# [모듈 2.1] SageMaker 클러스터에서 훈련 (No VPC에서 실행)

이 노트북은 아래의 작업을 실행 합니다.
- SageMaker Hosting Cluster 에서 훈련을 실행
- 훈련한 Job 이름을 저장 
    - 다음 노트북에서 모델 배포 및 추론시에 사용 합니다.
---

SageMaker의 세션을 얻고, role 정보를 가져옵니다.
- 위의 두 정보를 통해서 SageMaker Hosting Cluster에 연결합니다.

In [5]:
import os
import sagemaker
from sagemaker import get_execution_role

sagemaker_session = sagemaker.Session()

role = get_execution_role()

## 로컬의 데이터 S3 업로딩
로컬의 데이터를 S3에 업로딩하여 훈련시에 Input으로 사용 합니다.

In [6]:
# dataset_location = sagemaker_session.upload_data(path='data', key_prefix='data/DEMO-cifar10')
# display(dataset_location)
dataset_location = 's3://sagemaker-ap-northeast-2-057716757052/data/DEMO-cifar10'
dataset_location

's3://sagemaker-ap-northeast-2-057716757052/data/DEMO-cifar10'

In [7]:
# efs_dir = '/home/ec2-user/efs/data'

# ! ls {efs_dir} -al
# ! aws s3 cp {dataset_location} {efs_dir} --recursive

In [8]:
from sagemaker.inputs import FileSystemInput

# Specify EFS ile system id.
file_system_id = 'fs-38dc1558' # 'fs-xxxxxxxx'
print(f"EFS file-system-id: {file_system_id}")

# Specify directory path for input data on the file system. 
# You need to provide normalized and absolute path below.
train_file_system_directory_path = '/data/train'
eval_file_system_directory_path = '/data/eval'
validation_file_system_directory_path = '/data/validation'
print(f'EFS file-system data input path: {train_file_system_directory_path}')
print(f'EFS file-system data input path: {eval_file_system_directory_path}')
print(f'EFS file-system data input path: {validation_file_system_directory_path}')

# Specify the access mode of the mount of the directory associated with the file system. 
# Directory must be mounted  'ro'(read-only).
file_system_access_mode = 'ro'

# Specify your file system type
file_system_type = 'EFS'

train = FileSystemInput(file_system_id=file_system_id,
                                    file_system_type=file_system_type,
                                    directory_path=train_file_system_directory_path,
                                    file_system_access_mode=file_system_access_mode)

eval = FileSystemInput(file_system_id=file_system_id,
                                    file_system_type=file_system_type,
                                    directory_path=eval_file_system_directory_path,
                                    file_system_access_mode=file_system_access_mode)

validation = FileSystemInput(file_system_id=file_system_id,
                                    file_system_type=file_system_type,
                                    directory_path=validation_file_system_directory_path,
                                    file_system_access_mode=file_system_access_mode)
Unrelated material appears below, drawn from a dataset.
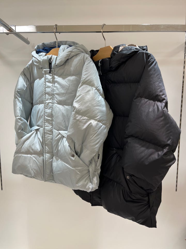 珍しいペールトーンカラーが特徴的なダウンに、ヴィンテージ風プリントのスウェットを合わせました。
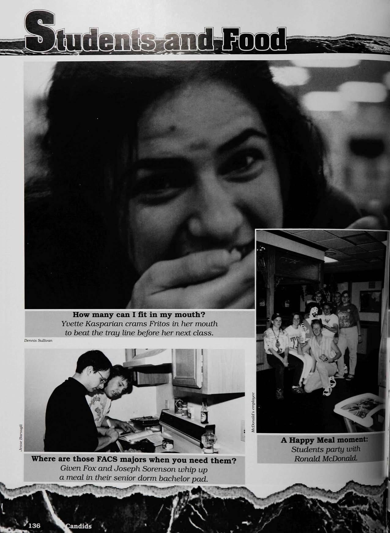 From Papa John's to blurbs, dominant elements and Photoshop, the experiences never seemed to end— ever! (camaro impounding (Z-28), court, L.P.D., theMcDonald's breakfast, "How you doing?", freak!!)... I could go on and on,but you know whatImean. To my roommate Sue, 1 sympathize for all the lonely scary nights I couldn't have made itwithout Franklin,Power pig,K-frog orGrandmaw's packages,especially Papas eggs. Thanks Selah for finallymaking me feellikesomebody with the allaccess press pass, thepower,the prestige! It'sbeen an awesome year and very busy butI wish ya'll the verybest!

EFS file-system-id: fs-38dc1558
EFS file-system data input path: /data/train
EFS file-system data input path: /data/eval
EFS file-system data input path: /data/validation


In [12]:
aws_region = 'ap-northeast-2'# aws-region-code e.g. us-east-1
s3_bucket  = 'sagemaker-ap-northeast-2-057716757052'# your-s3-bucket-name

In [13]:
prefix = "cifar10/efs" #prefix in your bucket
s3_output_location = f's3://{s3_bucket}/{prefix}/output'
print(f'S3 model output location: {s3_output_location}')

S3 model output location: s3://sagemaker-ap-northeast-2-057716757052/cifar10/efs/output


In [14]:
security_group_ids = ['sg-0192524ef63ec6138'] # ['sg-xxxxxxxx'] 
# subnets = ['subnet-0a84bcfa36d3981e6','subnet-0304abaaefc2b1c34','subnet-0a2204b79f378b178'] # [ 'subnet-xxxxxxx', 'subnet-xxxxxxx', 'subnet-xxxxxxx']
subnets = ['subnet-0a84bcfa36d3981e6'] # [ 'subnet-xxxxxxx', 'subnet-xxxxxxx', 'subnet-xxxxxxx']




In [None]:
from sagemaker.tensorflow import TensorFlow
estimator = TensorFlow(base_job_name='cifar10',
                       entry_point='cifar10_keras_sm_tf2.py',
                       source_dir='training_script',
                       role=role,
                       framework_version='2.0.0',
                       py_version='py3',
                       script_mode=True,
                       hyperparameters={'epochs' : 1},
                       train_instance_count=1, 
                       train_instance_type='ml.p3.2xlarge',
                       output_path=s3_output_location,                       
                       subnets=subnets,
                       security_group_ids=security_group_ids,                       
                       session = sagemaker.Session()
                      )

estimator.fit({'train': train,
               'validation': validation,
               'eval': eval,
              })
# estimator.fit({'train': 'file://data/train',
#                'validation': 'file://data/validation',
#                'eval': 'file://data/eval'})

train_instance_type has been renamed in sagemaker>=2.
See: https://sagemaker.readthedocs.io/en/stable/v2.html for details.
train_instance_count has been renamed in sagemaker>=2.
See: https://sagemaker.readthedocs.io/en/stable/v2.html for details.
train_instance_type has been renamed in sagemaker>=2.
See: https://sagemaker.readthedocs.io/en/stable/v2.html for details.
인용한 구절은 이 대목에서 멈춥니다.